The data of my graphs are located at: https://docs.google.com/spreadsheets/d/1HnYYA9keX7jjkhp4tocd2gy-i8VtHzYaS28fax-Nofc/edit?usp=sharing

To compare two graphs, I take the minimum of two functions:

  1. The sum of the absolute difference between two graphs for every X-axis point

  2. Reverse one graph, and then run another sum of absolute difference between the reversed and the other graph. This is in case if one of the two leaves is measured in an opposite direction from the other one.

i.e. min( sum(abs(a-b)), sum(abs(a’-b)), where n’ is the reverse plot of n (In case a plot is reversed).

enter image description here

So, the problem is, the difference between two very similar leaves is actually greater than two very distinct leaves.

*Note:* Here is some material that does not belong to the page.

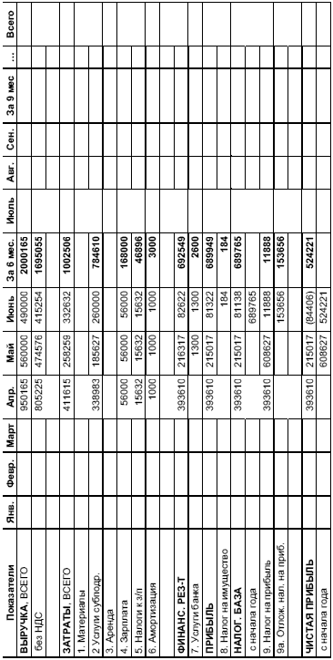 Глава 5Учет и отчетность ООО «Вектор». Вариант 3 (выручка – по кассовому методу) 5.1. Момент признания выручки – по кассовому методу 5.2. Учетная политика ООО «Вектор» на 2005 год 5.3. Бухгалтерский учет 5.3.1. Журнал хозяйственных операций 5.3.2. Расчетно-платежная ведомость за июнь (РПВ-3) 5.3.3. Начисление амортизации основных средств 5.3.4. Расчет налога на имущество 5.3.5. НДС 5.3.6. Оборотно-сальдовые ведомости 5.3.6.1. Оборотно-сальдовая ведомость за апрель 5.3.6.2. Оборотно-сальдовая ведомость за май 5.3.6.3. Оборотно-сальдовая ведомость за июнь 5.3.7. Покупки 5.3.7.1. Журнал учета счетов-фактур покупок за апрель 5.3.7.2. Книга покупок за апрель 5.3.7.3. Журнал учета счетов-фактур покупок за май 5.3.7.4. Книга покупок за май 5.3.7.5. Журнал учета счетов-фактур покупок за июнь 5.3.7.6. Книга покупок за июнь 5.3.8. Продажи 5.3.8.1. Журнал учета счетов-фактур продаж за апрель 5.3.8.2. Книга продаж за апрель 5.3.8.3. Журнал учета счетов-фактур продаж за май 5.3.8.4. Книга продаж за май 5.3.8.5. Журнал учета счетов-фактур продаж за июнь 5.3.8.6. Книга продаж за июнь 5.3.9. Учет авансов 5.3.10. Итоги 1 квартала, полугодия, 9 месяцев, года 5.4. Налоговый учет 5.4.1. Регистр «Доходы организации» 5.4.2. Регистр «Расходы организации» 5.4.3. Регистр «Прочие операционные расходы организации» 5.4.4. Расчет налога на прибыль по налоговому учету 5.4.5. Расчет налога на прибыль по бухгалтерскому учету 5.4.6. Расчет постоянных налоговых обязательств 5.4.7. Расчет отложенных налоговых обязательств 5.5. Отчетность в ИФНС и фонды за 6 месяцев 2005года 5.5.1. Бухгалтерский баланс (Форма 1) 5.5.2. Отчет о прибылях и убытках (Форма 2) 5.5.3. Налоговая декларация по НДС 5.5.4. Налоговая декларация по налогу на имущество 5.5.5. Налоговая декларация по налогу на прибыль 5.5.6. Заявление об отнесении к СМП 5.5.7. Расчет средней численности работников 5.5.8. Расшифровка выручки по видам деятельности 5.5.9. Расчет по авансовым платежам на ОПС 5.5.10. Расчет по авансовым платежам по ЕСН 5.5.11. Расчетная ведомость по средствам ФСС 5.6. Управленческий учет 5.6.1. Выручка и прибыль 5.6.2. Анализ налоговых платежей 5.6.3. Финансовые результаты деятельности за 2005 год 5.6.4. Движение денежных средств за 2005 год 5.1. Момент признания выручки – по кассовому методу![]() Данный вид учета используется довольно часто, особенно организациями с не–большой выручкой (менее 1,0 млн руб. в квартал) в первый год деятельности. Но, несмотря на то что этот метод ведения учета довольно экономичен, он име–ет значительный недостаток, напоминающий мину замедленного действия: как только выручка без НДС превысит 1,0 млн руб. в квартал, использовать по зако–нодательству кассовый метод нельзя. А это значит, что со следующего отчетного периода необходимо переходить на признание выручки по начислению. Соответ–ственно в данном отчетном периоде одновременно с текущей выручкой необхо–димо будет показать и дополнительную выручку, полученную за предыдущие пе–риоды. Возникает так называемый переходный период, в котором размер налогов может достигнуть критического для организации размера. 5.2. Учетная политика ООО «Вектор» на 2005 год1. Бухгалтерский учет вести в соответствии с действующими положениями по бухгалтерскому учету, используя рабочий план счетов бухгалтерского учета (приложение 1). Момент признания выручки для бухгалтерского учета считать по начислению. 2. Налоговый учет вести с использованием регистров налогового учета: • Регист

(On top) I have three graphs, two of which are similar-pos,pos2 (which should return a smaller difference), both of which are the acer ginnala leaf and another is different-neg, the betula alleghaniensis (which should return a greater difference than the "similar"):

However, this is not the case. On the 2nd layer, the two graphs are very distinct. (one is acer, other is betula). However, running the above algorithm, the sums are 70648 and 27362, returning a result of 27362.

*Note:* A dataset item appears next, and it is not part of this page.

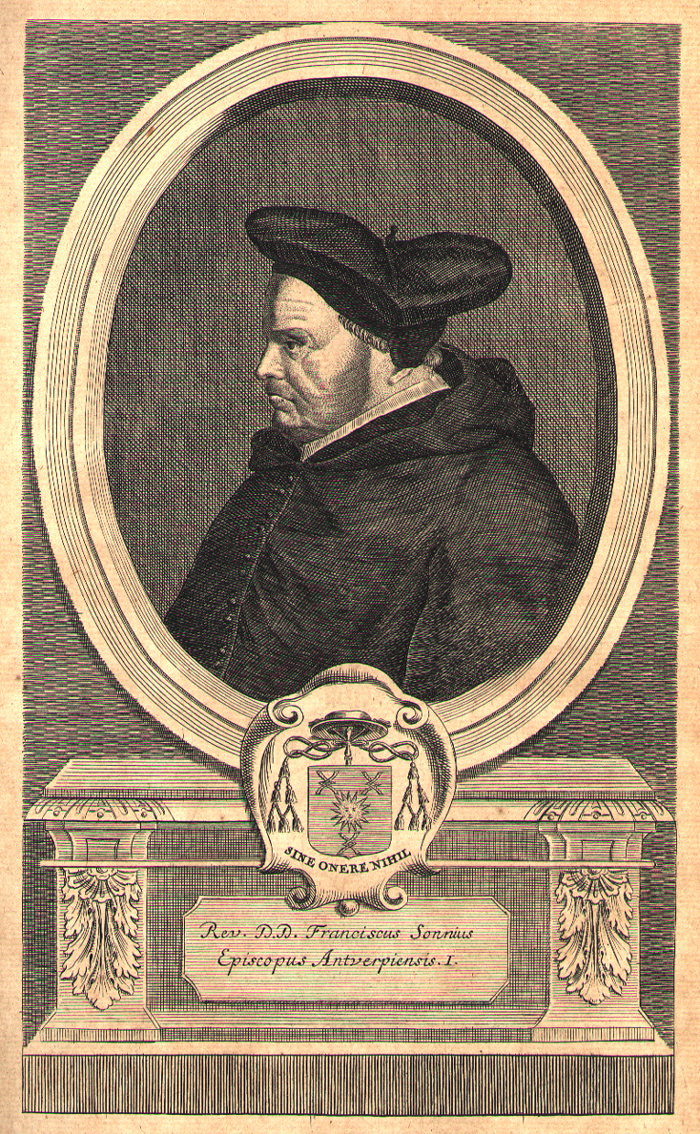 werd hij eerste bisschop van 's-Hertogenbosch, maar werd daar door burgerij en geestelijkheid niet enthousiast ontvangen. In 1566 na de beeldenstorm moest Sonnius de wijk nemen. In 1569 dook hij op in Leuven, maar kreeg van landvoogdes Margaretha van Parma opdracht naar Den Bosch terug te keren. Eerst in 1568, toen Alva in de stad was, kon Sonnius er zijn gezag vestigen. In 1570 werd hij bisschop van Antwerpen, waar hij zijn ideeën ook met behulp van Alva doorzette. In 1576, machteloos door geldgebrek en wantrouwen, stierf hij. Zijn wapen droeg de afkorting S.O.N.: Sine Onere Nihil, niets zonder moeite. Maar zijn leven stond in het teken dat ook met veel moeite soms maar weinig wordt bereikt. | 83 |
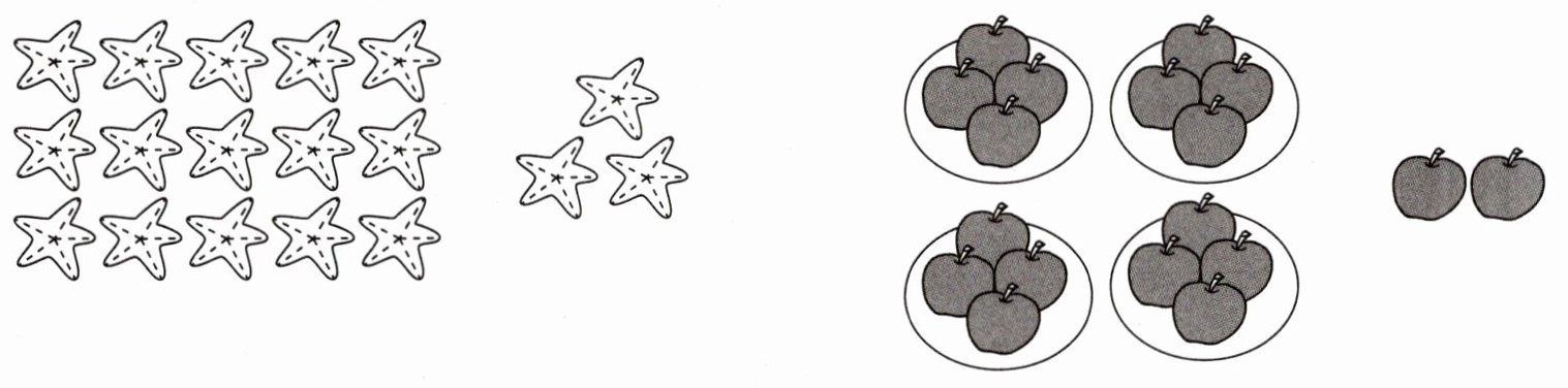 (1)一共有多少个海星? (2)一共有多少个苹果?

On the last layer, when two very similar graphs are compared, (both acer) they return a much higher difference, with 40084 (normal) and 85664 (reversed), and returns the minimum of 40084, which is a higher difference than the first comparison.

I’ve tried standard deviation of the differences, squaring differences, Intersection Correlation, but had no luck. So, since the current measurement metric doesn’t work on this, what is a concise, straightforward, and better way to measure the difference between two graphs?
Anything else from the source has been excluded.